Another thing that I needed was HelpScout’s internal identifier for the mailbox into which the emails were being imported. So the first function I wrote against HelpScout’s API was hs_mailbox_id() which returned the internal identifier for the mailbox that was of interest to me.

The second thing I needed to do was to make sure I understood how to use the API to import an actual conversation. I started with fake data I could control to ensure that I had something simple that I knew worked and I could compare against when things didn’t work with real data. Even if the documentation of an API is good, there are, more often than not, small details that are not described that you need to figure out. Having this data as a starting point is useful for these tests.

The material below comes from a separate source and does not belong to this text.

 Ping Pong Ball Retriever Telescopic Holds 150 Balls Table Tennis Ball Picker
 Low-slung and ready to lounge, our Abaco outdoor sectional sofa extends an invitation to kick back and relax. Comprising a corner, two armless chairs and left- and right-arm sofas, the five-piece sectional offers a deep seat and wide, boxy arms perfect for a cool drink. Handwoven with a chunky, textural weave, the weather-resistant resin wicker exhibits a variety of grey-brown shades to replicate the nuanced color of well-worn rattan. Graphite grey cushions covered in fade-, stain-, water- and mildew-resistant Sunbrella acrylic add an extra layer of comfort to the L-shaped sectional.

The actual code to create a new ~~thread~~ conversation in HelpScout ended up being:

hs_create_thread <- function(thread, hstoken) {
  body <- jsonlite::toJSON(thread, auto_unbox = TRUE)

  httr::POST(
    "https://api.helpscout.net",
    path = "/v2/conversations",
    body = body,
    htoken,
    httr::content_type("application/json; charset=UTF-8")
  )
}

This is not the code I would have written if it was part of a package intended for others to use. For instance, I would have wanted to check the response of the API after each request. But for my particular use case, it made it easier to return this response and inspect manually after the fact once I had confirmed that this code was working for most requests.

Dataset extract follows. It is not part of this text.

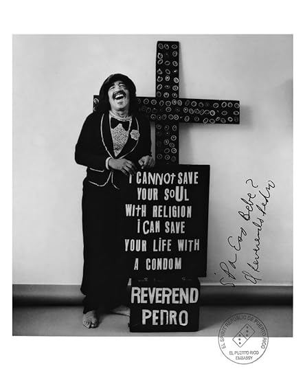 The Lost & Found chapbook, Condom Poems 4 Sale One Size Fits All, contains a tight selection of thirty poems—enough to open a window into that little-known moment in history. In a special envelope, Alcalay’s team has reproduced personal photos and hand-painted performance flyers from the archive, including one of the Reverend Pedro laughing, standing barefoot before a “condom cross.”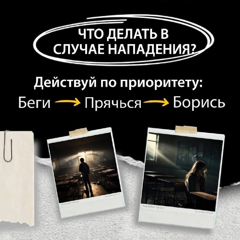 🤔 Как действовать, чтобы выжить? ❗ Важно прямо сейчас: ознакомься с планом эвакуации и найди ближайшие запасные выходы! 👉 Каждая чрезвычайная ситуация имеет свои особенности, единого рецепта действий не существует. 🙏 Основная цель одна — остаться живым и спасти тех, кто рядом! Сохраняй наши карточки и поделись с друзьями и одногруппниками! 👆

2. Extracting the content of the emails from Gmail

This was the most time-consuming part as there were lots of unexpected details that came up to get a smooth conversion between the two APIs.

2.1. Things that were easy

The gmailr::gm_subject() worked every time to get the subject of the threads for all the messages.

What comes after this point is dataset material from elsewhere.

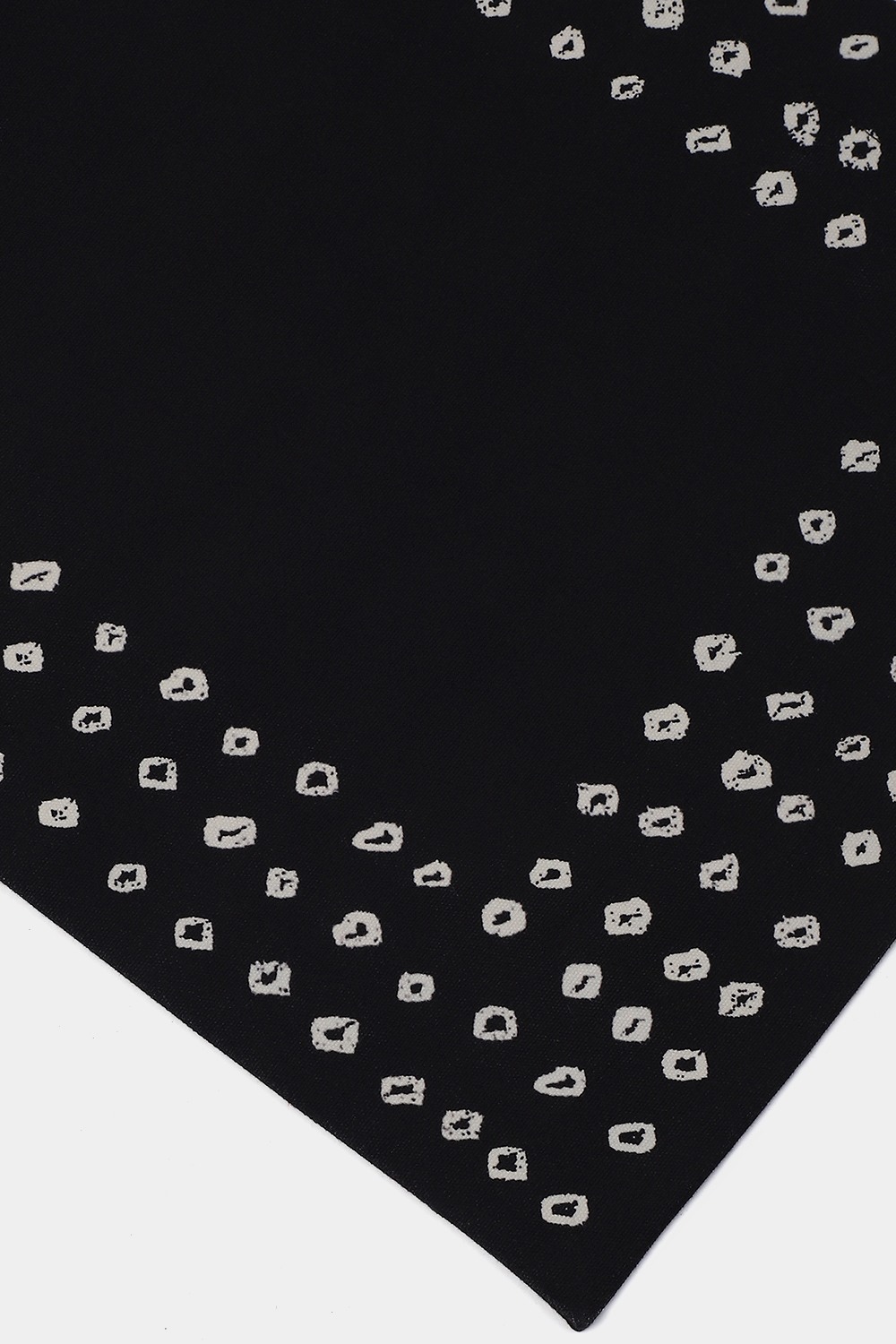 A cotton table runner marked with circular patterns in ivory on black.

2.2. Things that were almost easy

Extracting the people involved in the conversation. The gmailr::gm_to() and gmailr::gm_from() worked well to extract the email addresses. The small catch was that some email addresses were formatted as FirstName LastName, others had only email@address.rr, and when multiple people were involved a comma separated them. However, in some cases, people have a comma in their names.
Extracting the date. The gmailr::date() returns the date from the email in Unix time. The anytime package is useful at converting Unix time into other formats, including the iso8601 that was expected by the HelpScout API. I still had to manually add a final Z to the character string.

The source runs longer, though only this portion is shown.